Los viejos piratas, bucaneros y corsarios sabían bien lo que era llegar a puertos seguros, esos puertos como Port Royal, en Jamaica, que les cobijaban después de mil lances y otras tantas cicatrices, porque no hay lance sin herida. Y también lo sabían todos aquellos que, siendo bandoleros, o no, encontraron en las tierras de Sanabria, en esas tierras de La Raya, el refugio a persecuciones inmisericordes por sus delitos, o por su religión. Porque para unos y otros, llegar a puerto seguro era llegar a un lugar de refugio, de paz, de no tener que mirar atrás y donde aquellos con los que se cruzaban por cualquier callejuela si no eran amigos al menos no era enemigos, que nuca es poco.

En estos tiempos de tanta incertidumbre todos andamos siendo un poco piratas intentando robar realidad a la realidad y tiempo al tiempo, asaltando ilusiones y sueños frente a la desolación y la barbarie de una realidad que nos persigue como los barcos de la corona a los piratas, por la noche y a traición, pero tarde o temprano, porque nos hará falta, buscaremos un puerto seguro, aunque el asunto no será tan fácil como para aquellos viejos corsarios que sabían dónde estaba ese puerto en sus cartas de marear y nosotros mal andamos de cartas que gobiernen nuestra vida y sabemos que los sitios puede que cobijen los cuerpos, pero no los corazones.

“Lo contrario de vivir es no arriesgarse”, canta Fito Cabrales, y aquí estamos, dispuestos a dejarnos la piel cada día para que nuestra vida no sea un esperar solo a que todo cambie para que todo siga igual. Ya nada será igual y algunos ni siquiera queremos que sea igual y deseamos respirar para dejar de estar vivos y empezar a estar viviendo, que ya nos dejó claro Camilo José Cela, aunque más bien parece una de las chanzas del escritor que una realidad, que “no es lo mismo estar jodido que estar jodiendo”, que las palabras no solo cambian las percepciones, sino hasta las realidades.
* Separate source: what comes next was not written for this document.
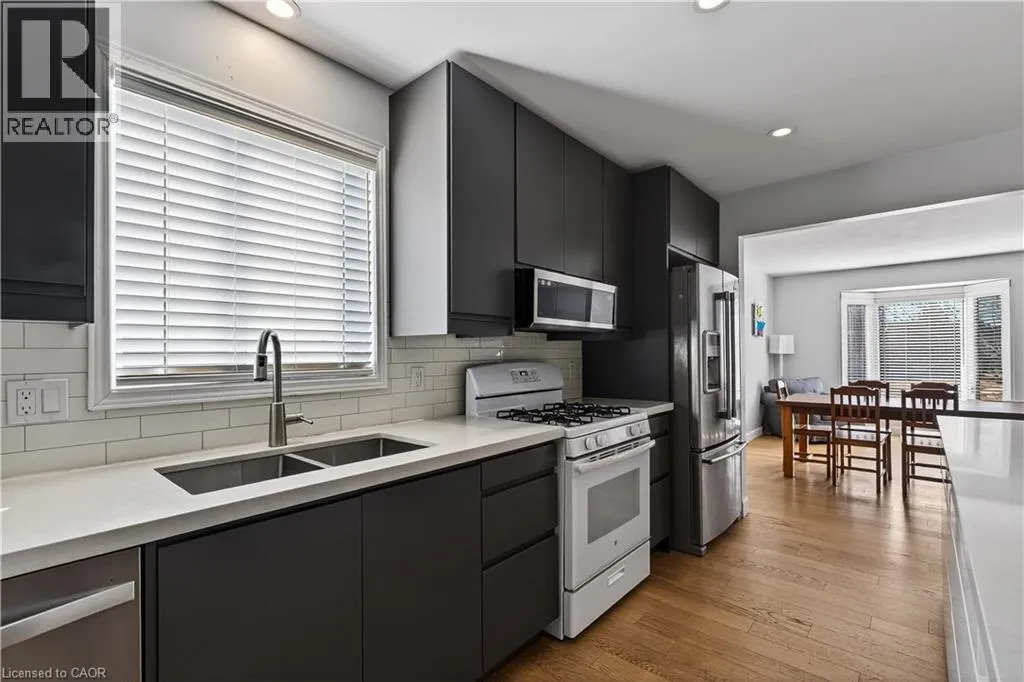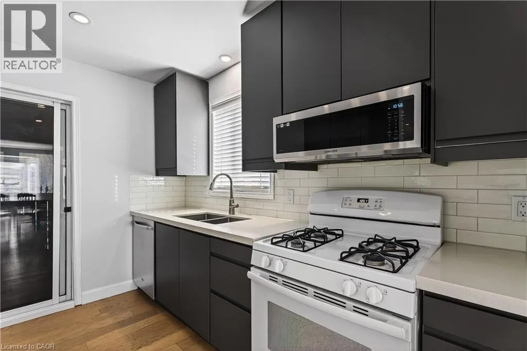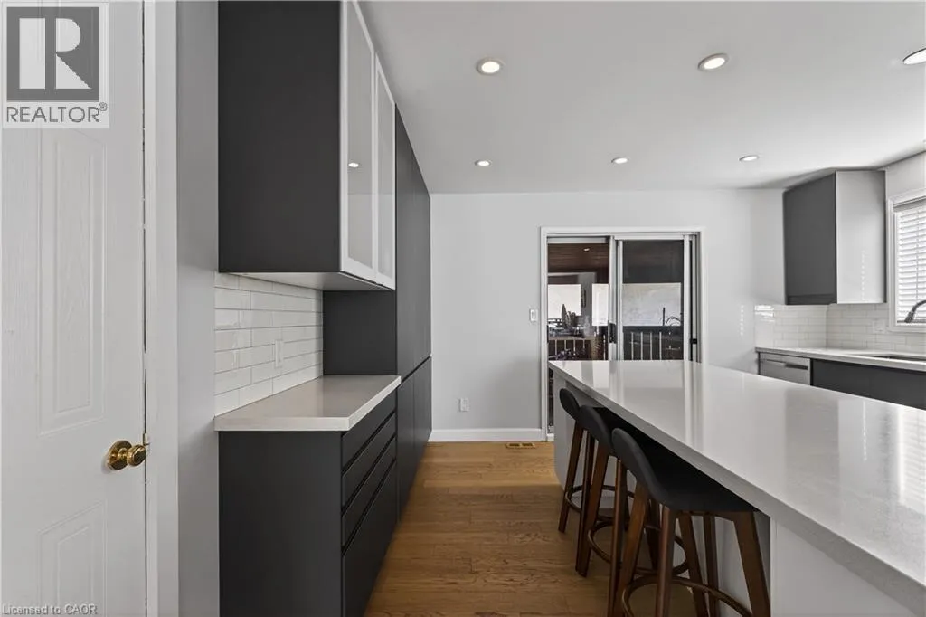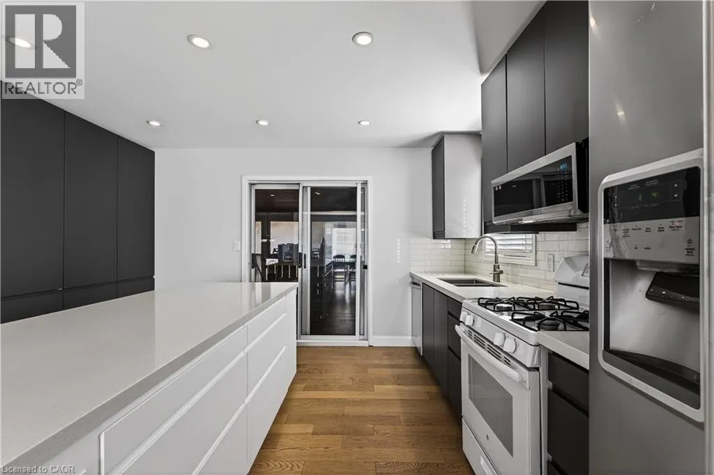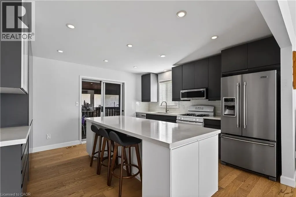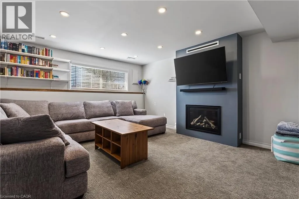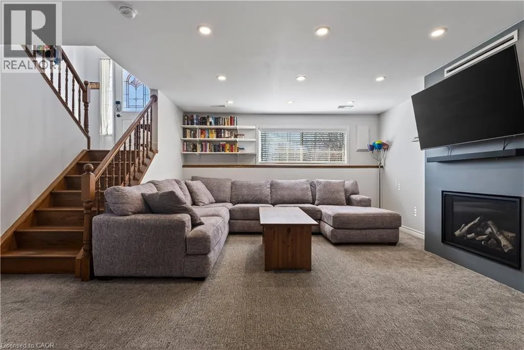 Spacious bi-level bungalow on a quiet crescent in a family-friendly Smithville neighbourhood, backing onto protected conservation/greenbelt land with 20 Mile Creek beyond. This beautiful setting offers privacy, peaceful views, and a natural backdrop that makes this property stand out. The main level features hardwood flooring, pot lights, and an open-concept living/dining/kitchen area. The kitchen was updated in 2020 with IKEA cabinetry and an undermount sink. Two bedrooms and an updated full bathroom complete the main floor. The finished lower level adds a third bedroom, second full bathroom, cozy family room with gas fireplace, pot lights, and new carpet (2024), plus a separate bonus room ideal for a playroom, home office, or guest space. Roof and two front bay windows were updated in 2023, and the washer and dryer are brand new. Enjoy the fully fenced backyard, elevated deck, and above-ground pool (sold as is), all in a great location close to schools, amenities, and major routes. (id:27476)

Así que arremangados a lo que venga y como venga, que nadie dijo que el mar no se embraveciese más de una vez y que la vida no hubiese que ponerla una y otra vez al tablero aun a riesgo de perderla en algún envite y cada envite por encontrar la felicidad y la paz, el sosiego de saberse a gusto consigo mismo para estarlo con los demás, bien merece la pena afrontarlo, porque lo peor no sería no atreverse, sino no atreverse ni a desear. Y para saber y disfrutar de lo que es la calma es preciso pasar la tempestad; si no, sencillamente no se ha navegado en el mar de la vida. Cuando se pasa la tormenta es cuando uno sabe que ha gobernado bien el timón, con pulso firme, que nos va la vida en ello, y la vista puesta en el horizonte, y entonces respira hondo y se siente en paz y se siente grande, porque era su timón y su barco, y en su barco solo navega, como en el romance del conde Arnaldos, “quien conmigo va” y, añado yo, quien está dispuesto a fijar bien los anclajes y amarres y a coger los remos cuando se siente que el balanceo del barco va a arrojarnos al mar. Después es cuando habrá que buscar puerto seguro para reposar de la marea nuestro cuerpo y, sobre todo, nuestra alma, que siempre siente antes el frío de la soledad.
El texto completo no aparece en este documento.